**The task**
All pictures must be dropped, while the entries are given again word for word.

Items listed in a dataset

****

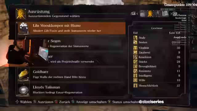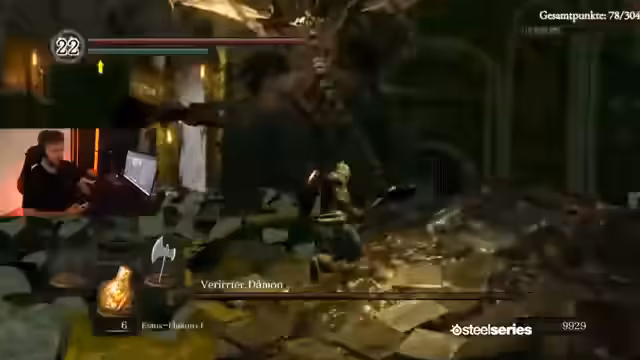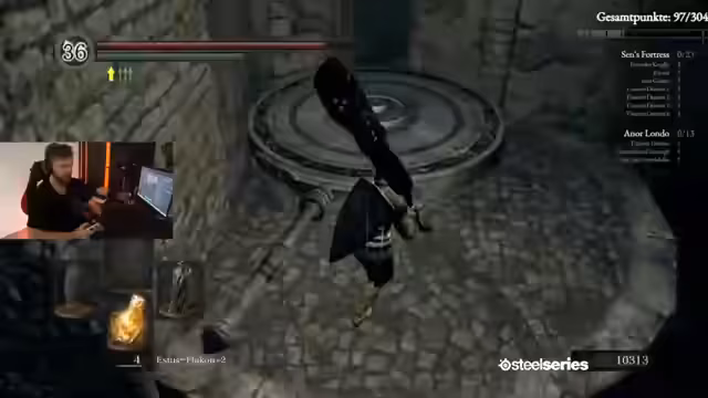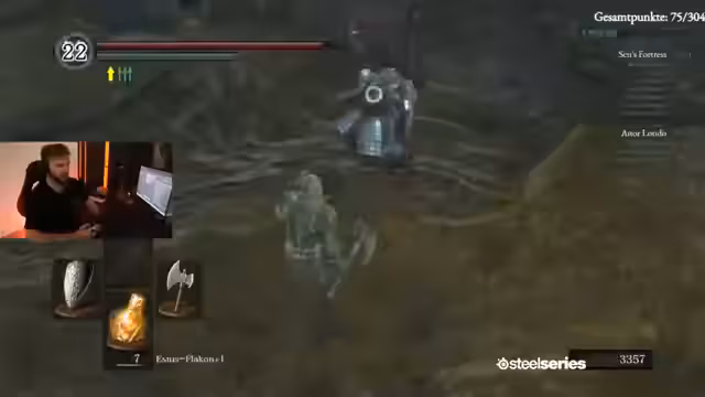 00:05:13Der Streamer berichtet über den aktuellen Stand des Runs und vergleicht sich mit anderen Teilnehmern wie Johnny, der bereits 87 Punkte erreicht hat. Konkrete Nervenkitzel wie die Castle oder die Galerie in Anorondo werden identifiziert. Beim Durchlaufen eines Bereichs wird der Verlust der Feuerhüter-Seele thematisiert, was als großer Rückschlag und potenzieller Todesgrund im weiteren Verlauf des Runs gilt.
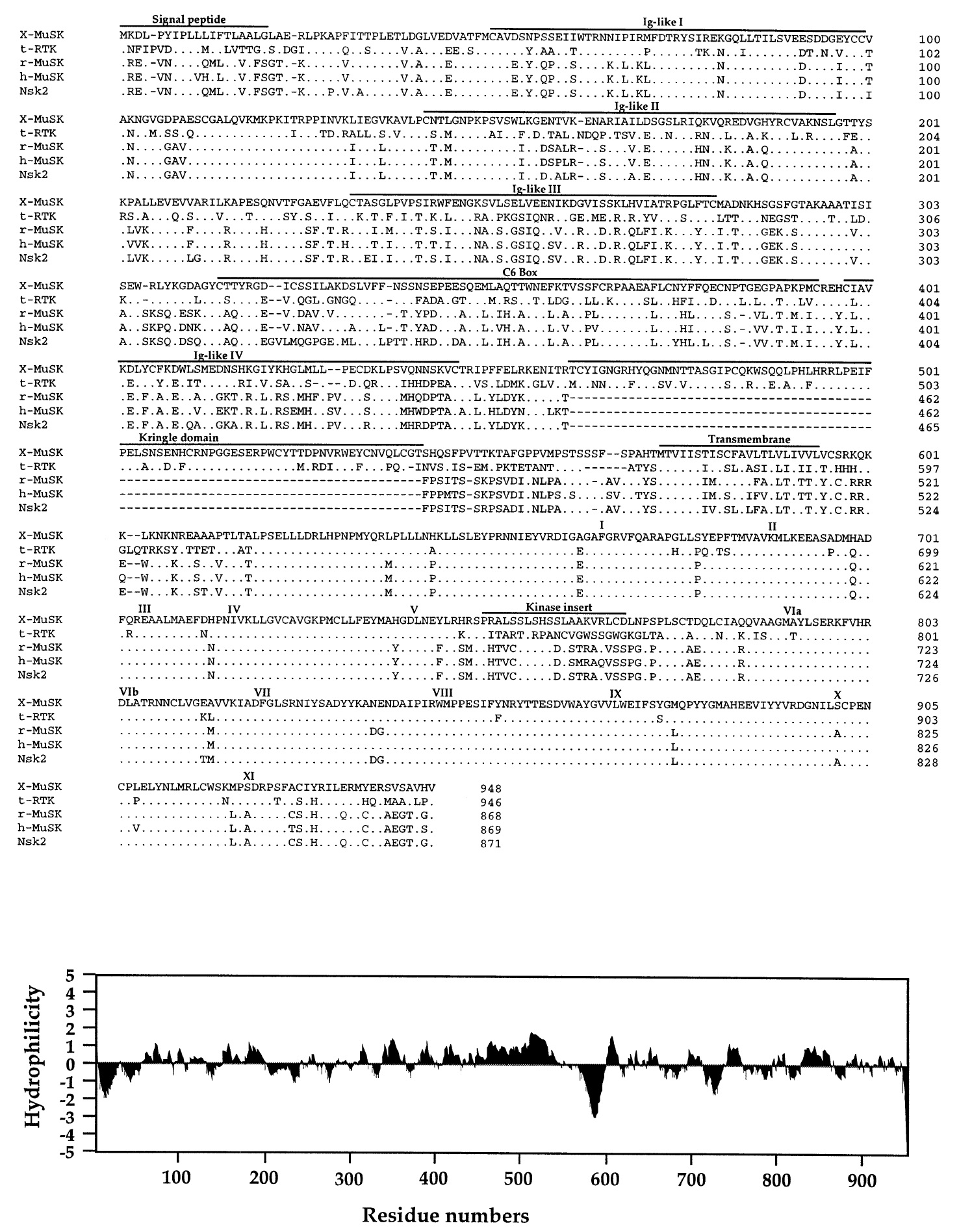 sequence of Xenopus MuSK (x-MuSK) with Torpedo MuSK (t-RTK) and mammalian MuSK (rat, r-MuSK; human, h-MuSK and mouse, Nsk2). Amino acid
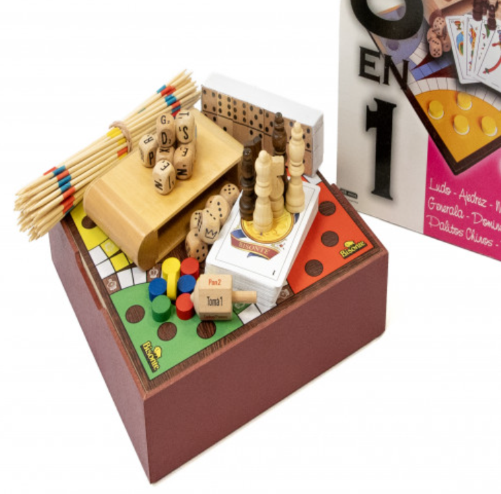 Incluye: - Ludo - Ajedrez - Naipes españoles - Generala - Dominó - Generaletra - Palitos chinos - Perinola.
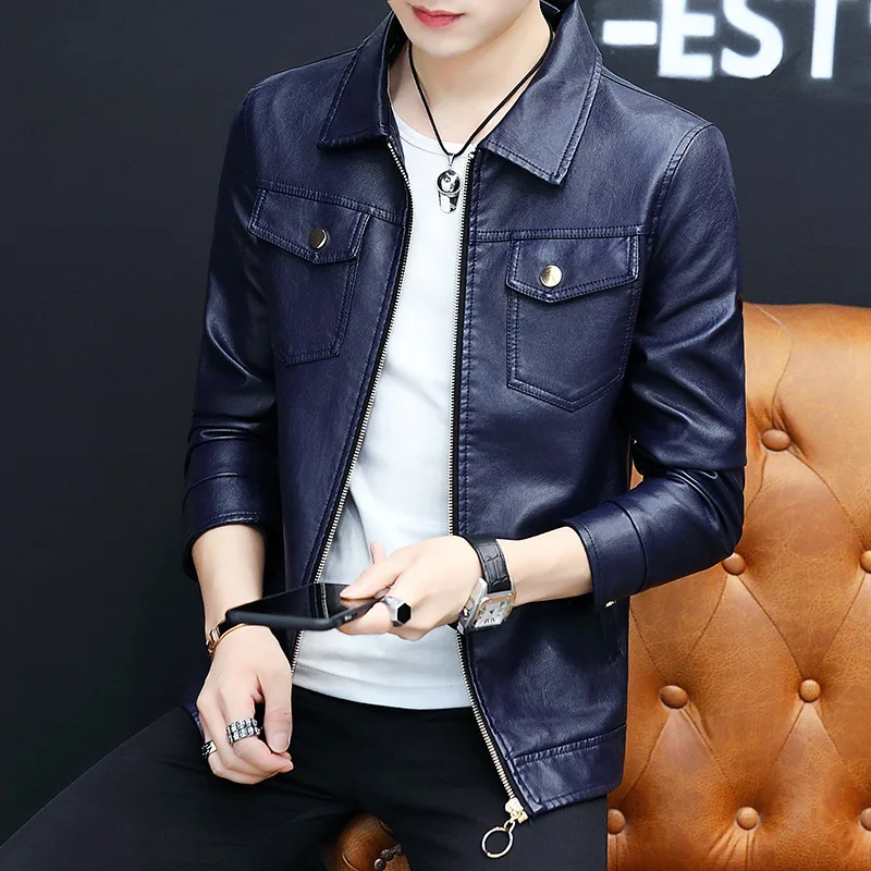 Новая модель 2020, мужская кожаная молодежная приталенная модная мотоциклетная куртка с отложным воротником и четырьмя сумочками, модная кур...
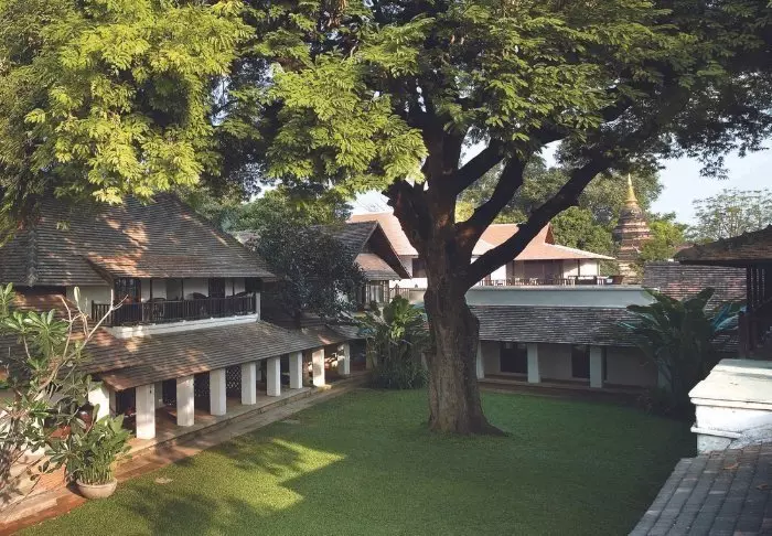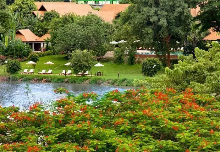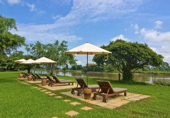 Resorten er bygd i tradisjonell Lanna-stil og harmonerer fint med omgivelsene. Bygningene er spredt over det store området som består av skyggefulle stier, lotusdammer, blomsterhager og en stor gressplen med liggestoler. Her kan du slappe av og nyte utsikten over elven.
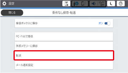「ファクス設定」→「受信設定」→「保存転送設定」→「転送」を選択し、転送先を⼊⼒することで、受信したファクスデータをメールやフォルダーに転送できます。
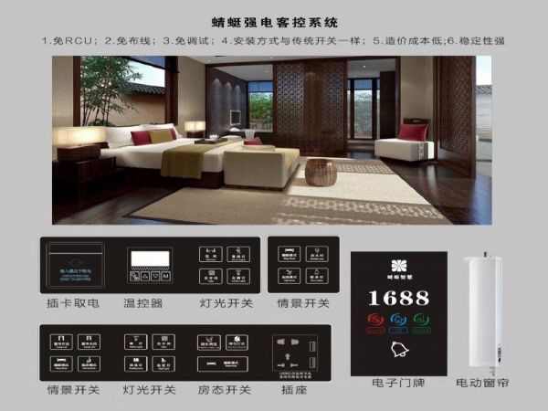 旧酒店升级改造智能酒店,新酒店安装智能系统。免RCU,免布线,免调试,安装方式和传统方式一样,造价成本低,稳定性强。可直接对接天猫精灵实现语音控制。连体
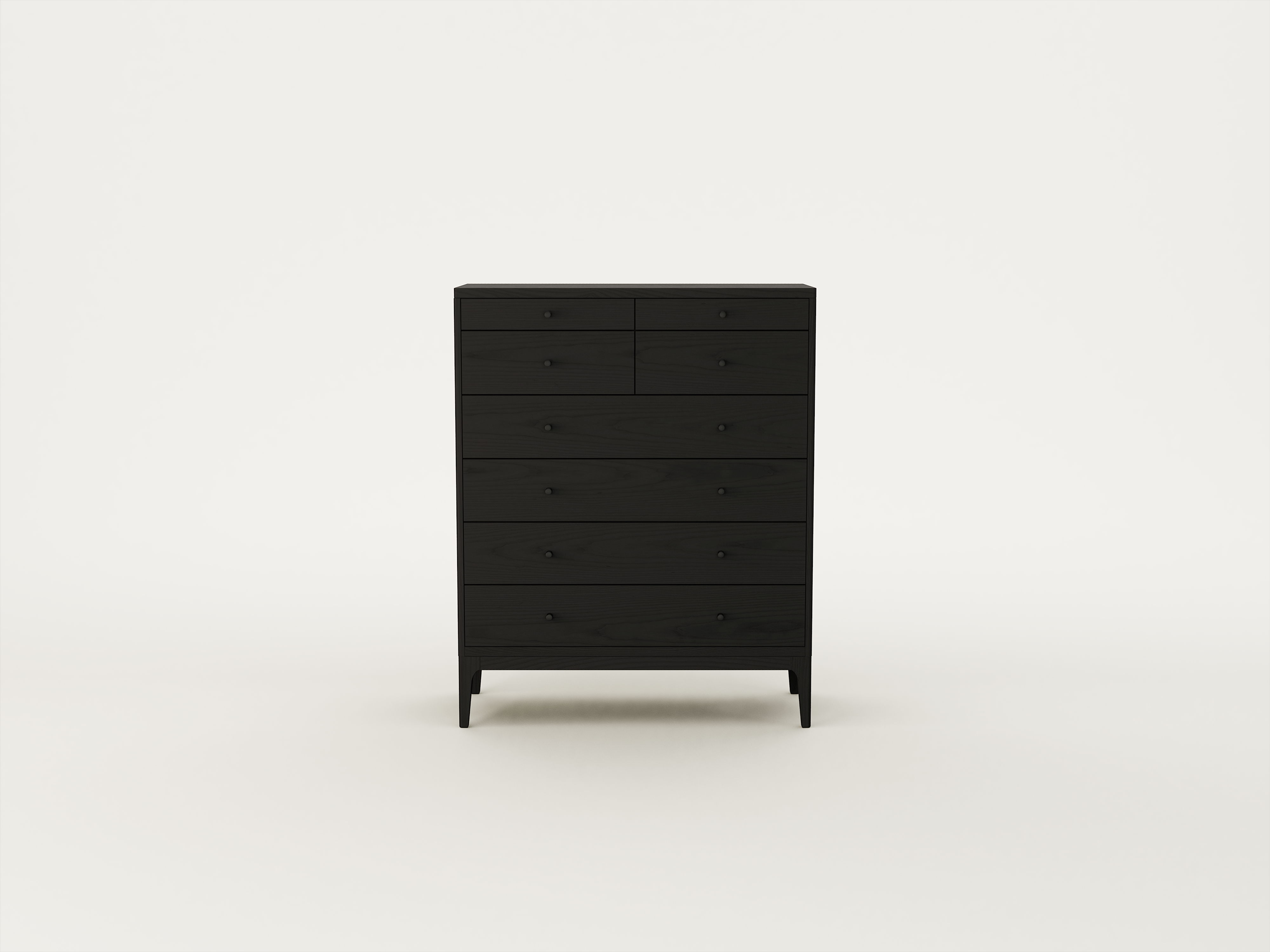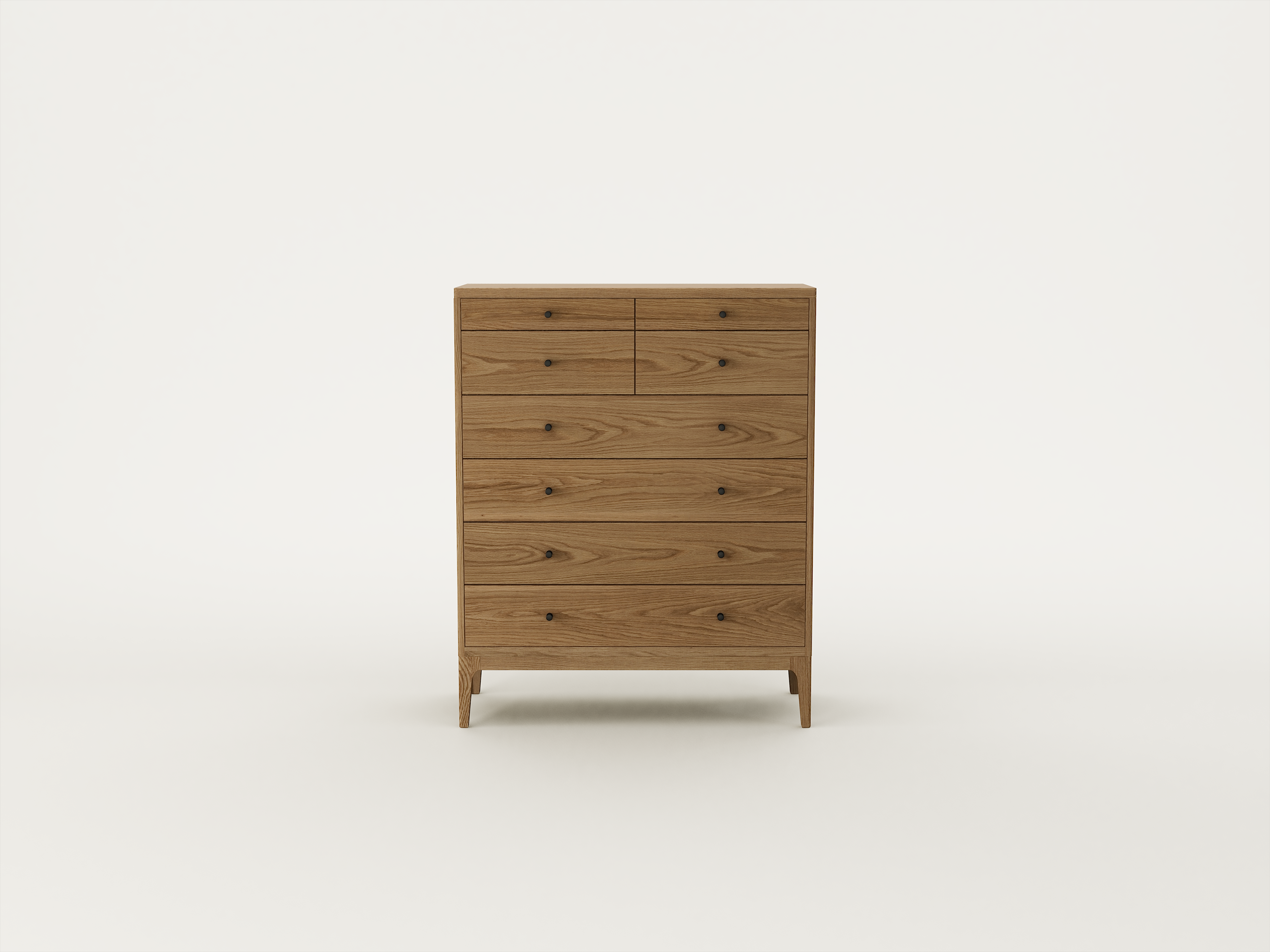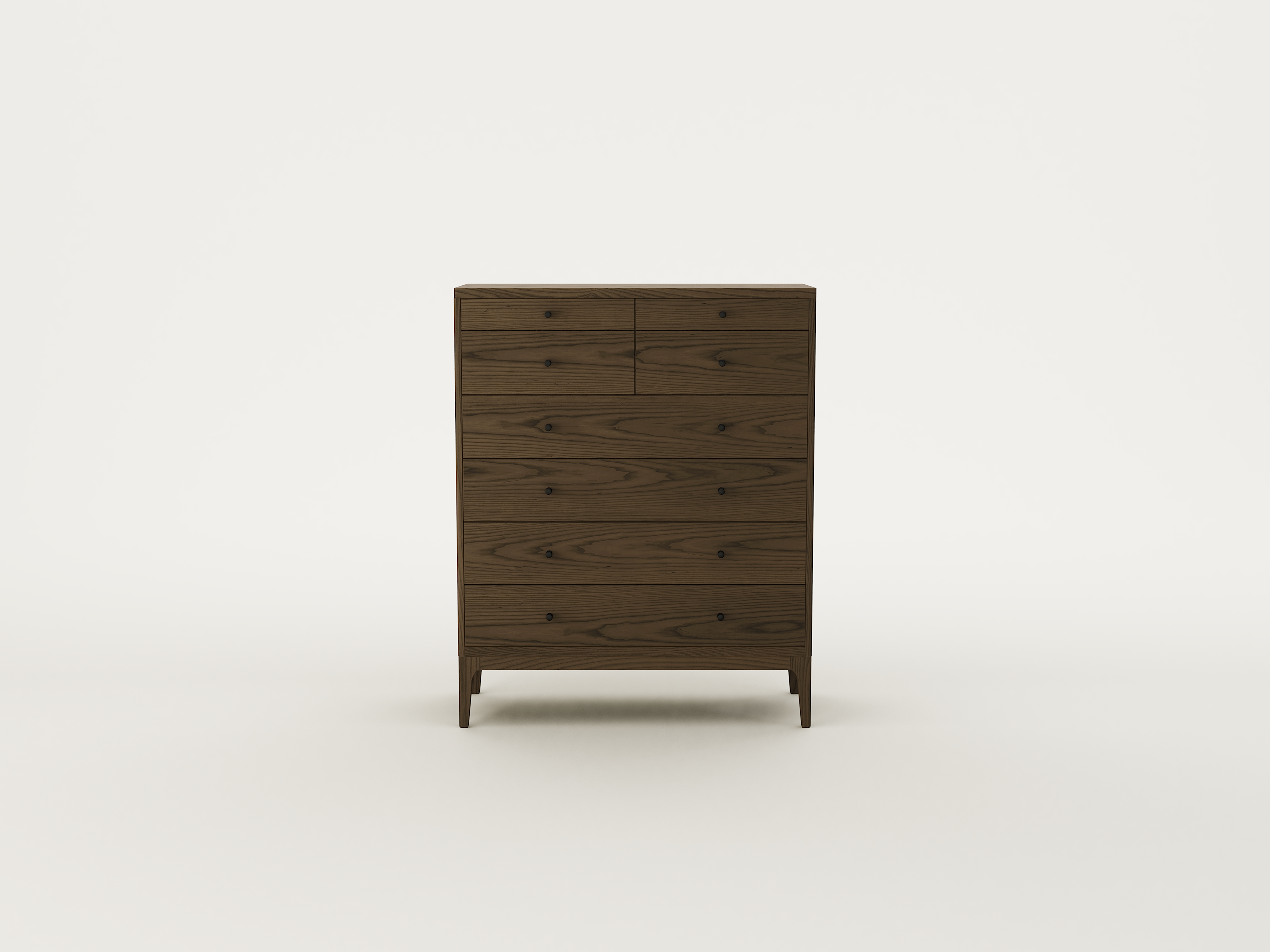 Minimal & elegant, Brooklyn offers a well-proportioned silhouette with tapered and bevelled legs. A refined eight drawer tallboy with timber and finish options to suit your space.

****

**Exercise output**
 00:05:13Der Streamer berichtet über den aktuellen Stand des Runs und vergleicht sich mit anderen Teilnehmern wie Johnny, der bereits 87 Punkte erreicht hat. Konkrete Nervenkitzel wie die Castle oder die Galerie in Anorondo werden identifiziert. Beim Durchlaufen eines Bereichs wird der Verlust der Feuerhüter-Seele thematisiert, was als großer Rückschlag und potenzieller Todesgrund im weiteren Verlauf des Runs gilt.
 sequence of Xenopus MuSK (x-MuSK) with Torpedo MuSK (t-RTK) and mammalian MuSK (rat, r-MuSK; human, h-MuSK and mouse, Nsk2). Amino acid
 Incluye: - Ludo - Ajedrez - Naipes españoles - Generala - Dominó - Generaletra - Palitos chinos - Perinola.
 Новая модель 2020, мужская кожаная молодежная приталенная модная мотоциклетная куртка с отложным воротником и четырьмя сумочками, модная кур...
 Resorten er bygd i tradisjonell Lanna-stil og harmonerer fint med omgivelsene. Bygningene er spredt over det store området som består av skyggefulle stier, lotusdammer, blomsterhager og en stor gressplen med liggestoler. Her kan du slappe av og nyte utsikten over elven.
「ファクス設定」→「受信設定」→「保存転送設定」→「転送」を選択し、転送先を⼊⼒することで、受信したファクスデータをメールやフォルダーに転送できます。
 旧酒店升级改造智能酒店,新酒店安装智能系统。免RCU,免布线,免调试,安装方式和传统方式一样,造价成本低,稳定性强。可直接对接天猫精灵实现语音控制。连体
 Minimal & elegant, Brooklyn offers a well-proportioned silhouette with tapered and bevelled legs. A refined eight drawer tallboy with timber and finish options to suit your space.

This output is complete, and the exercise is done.